An order was made finding that the respondent is a vexatious litigant following more than 50 unsuccessful claims to the Tribunal.

Background

The Attorney General applied for a restriction of proceedings against the respondent on the basis that she was regarded as a vexatious litigant.   Such power is held within Section 33 of the Employment Tribunals Act 1996 [The position in NI is that the Tribunal can request the Attorney General to review a situation under Rule 99 and then the Attorney General can make an application under Section 32 of the Judicature (NI) Act 1978].

The respondent had issued over 50 Tribunal claims including 13 in 2024 alone.  These, largely, arose from unsuccessful job applications and the allegations were mainly in relation to discrimination, whistleblowing detriment and unpaid wages. None of the claims had succeeded and from the materials available to the Tribunal none had settled.

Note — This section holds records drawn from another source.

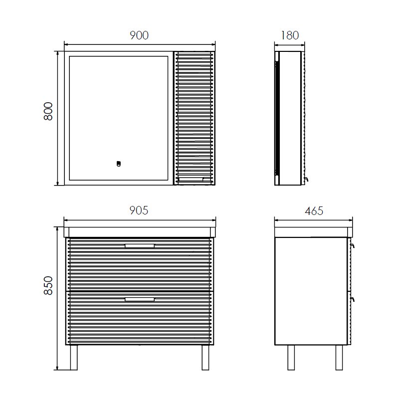 Напольная тумба с двумя выдвижными ящиками оснащенными направляющими с системой плавного закрывания. Оригинальные эргономичные ручки цвета хром. Фасады тумбы изготовлены из МДФ, фрезерованы горизонтальным узором и облицованы белой матовой пленкой. Тумба подготовлена для подключения водоснабжения снизу и сзади.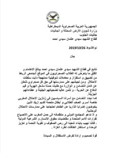 كما جدد البيان دعوة المجتمع الدولي و منظماته الى حمل المغرب على الاستجابة لقرارات الامم المتحدة و مقتضيات حقوق الانسان و الشرعية الدولية ، وإليكم نص البيان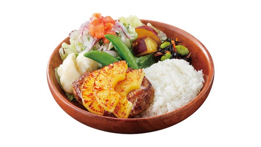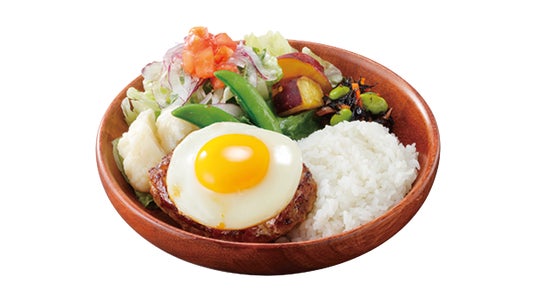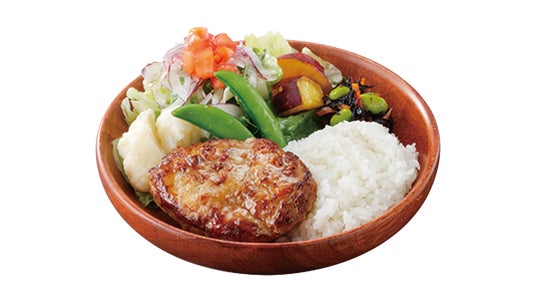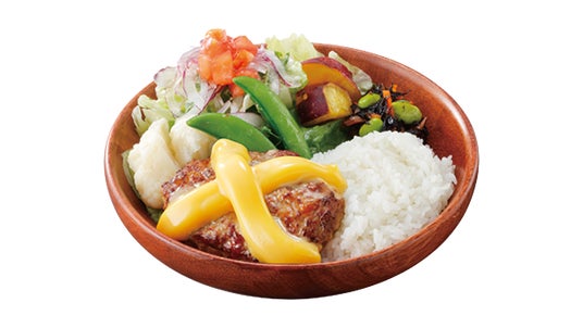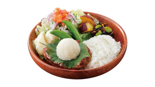 「いろどりセット」は、ハンバーグとライスに、2種の野菜を含むひじきサラダ(ひじき、人参、枝豆)とさっぱりとした味わいのマスタード風味のドレッシングをかけた9種の野菜サラダ(白菜、ケール、ロメインレタス、レタス、アーリーレッド、カリフラワー、トマト、サツマイモ、スナップエンドウ)を添えた「いろどりディッシュ」(SSサイズ/Sサイズ)に加え、ビーフコンソメとソテーオニオンにパルミジャーノのコクと旨味がマッチした今年初登場の「ビーフコンソメスープ」または人気メニューの「みそ汁」、食後にぴったりな小さめデザート「北海道ミニソフト」またはドリンクが自分好みに選べるセットです。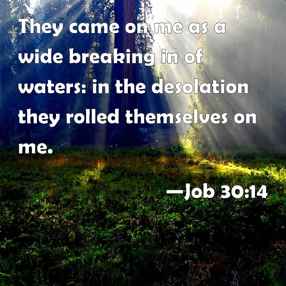 Job 30:14 They came on me as a wide breaking in of waters: in the desolation they rolled themselves on me.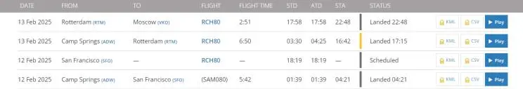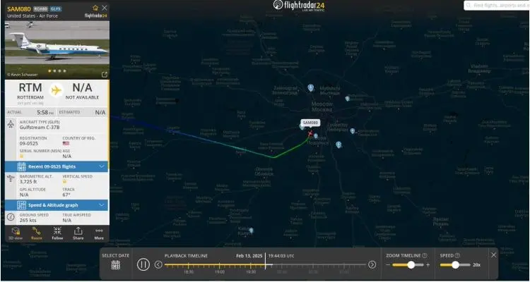 據航空信息網站“flight radar 24”顯示,一架型號為C-37B美軍飛機自美國馬里蘭州的安德魯斯空軍基地起飛,在短暫經停荷蘭鹿特丹後,於當地時間13日晚22點48分抵達莫斯科伏努科沃國際機場。

In addition to the quantum of cases there were various cases which were struck out for having no reasonable prospect of success, dismissed following non-attendance and there were many instances of failure to comply with directions and making unsubstantiated allegations of dishonesty against employers.

Outcome

The EAT held that the test for restriction of proceedings was made out by the Attorney General and the order could be made. They found that the respondent’s approach to proceedings imposed burdens on opposing parties as well as the Tribunal system. It was found that the quantum of claims and the requests for interim relief (which had all been refused) was regarded as a ‘scheme’ of some kind rather than being engaged in any genuine pursuit of justice. The EAT though refused to make an order to preclude the respondent from acting as a McKenzie Friend – the EAT did not have jurisdiction to make such an order and there was no evidence showing that the respondent had sought to act as a McKenzie Friend.

Practical Guidance

This case arose by way of a law firm contacting the Attorney General’s office to raise an issue in terms of the number of claims that had been brought by this one individual.  This demonstrates the process that can be followed if there are similar litigants that are popping up with unsubstantiated claims.  The Tribunal found that there was some ‘scheme’ being employed rather than a pursuit of justice.

You can read the case in full here.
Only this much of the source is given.